The investor must fall within any of the following categories:

  • An “investment professional” within the meaning given to that term in article 19 of the FPO
  • A high net worth company, unincorporated associated or high value trust falling within article 49(2) of the FPO
  • A “certified sophisticated investor” or a “self-certified sophisticated investor” within the meaning given in articles 50 and 50A respectively of the FPO
  • A “certified high net worth individual” within the meaning of article 48 of the FPO
  • An equivalent professional, high-net worth, institutional or sophisticated investor in accordance with applicable law and regulation in such investor’s home jurisdiction
  • An association of high net worth or sophisticated investors within the meaning of article 51 of the FPO
  • Capable of being classified as a “professional client” within the meaning given in the glossary to the FCA Rules.

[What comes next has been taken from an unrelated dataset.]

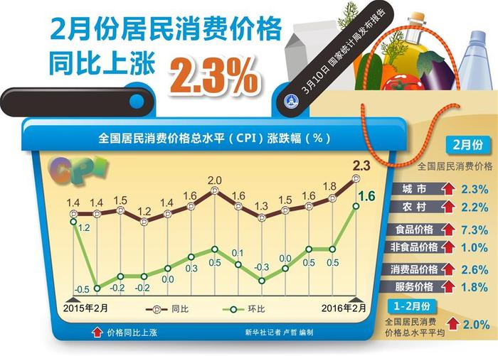 国家统计局10日发布数据,2月份全国居民消费价格总水平(CPI)同比上涨2.3%、环比上涨1.6%,涨幅比1月份分别扩大0.5和1.1个百分点,超出市场预期。业内人士认为,这主要是受异常天气和春节因素的双重影响。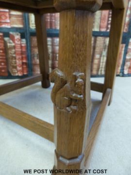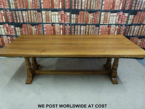 A Wilf 'Squirrelman' Hutchinson adzed oak table and ten upholstered chairs with drop in seats. Hutchinson was a former apprentice of Robert 'Mouseman' Thompson and established his own workshop in 1957 (H76, W241, D105cm)

Note that all other investors must fall within one of the above categories in order for them to be eligible to invest in the convertible loan agreement. It is the responsibility of other investors to ensure they are eligible.

To be eligible for the scheme, the company must meet the following criteria:

  • The company must have raised at least £250,000 in equity from third-party investors in previous funding rounds in the last five years (from 1 April 2015 to 19 April 2020, inclusive)
  • If the company is a member of a corporate group, it must be the ultimate parent company
  • The company does not have any of its shares or other securities listed on a regulated market, a multilateral trading facility, a recognised investment exchange and/or any other similar market, stock exchange or listing venue
  • The company must be a UK incorporated limited company
  • The company must have been incorporated on or before 31 December 2019
  • At least one of the following must be true for the company:
    • Half or more employees are UK based
    • Half or more revenues are from UK sales

Practical steps – how it works in practice:

  • The investor, or lead investor of a group of investors, certifies they meet the scheme eligibility criteria and provides key investment details.
  • The company confirms the accuracy of the investment application details provided, before submitting the full application.

The contract is completed:

  • In the case of approved applications, all parties will execute an agreement (in the template form) and satisfy certain conditions set out in the agreement before the funds are released.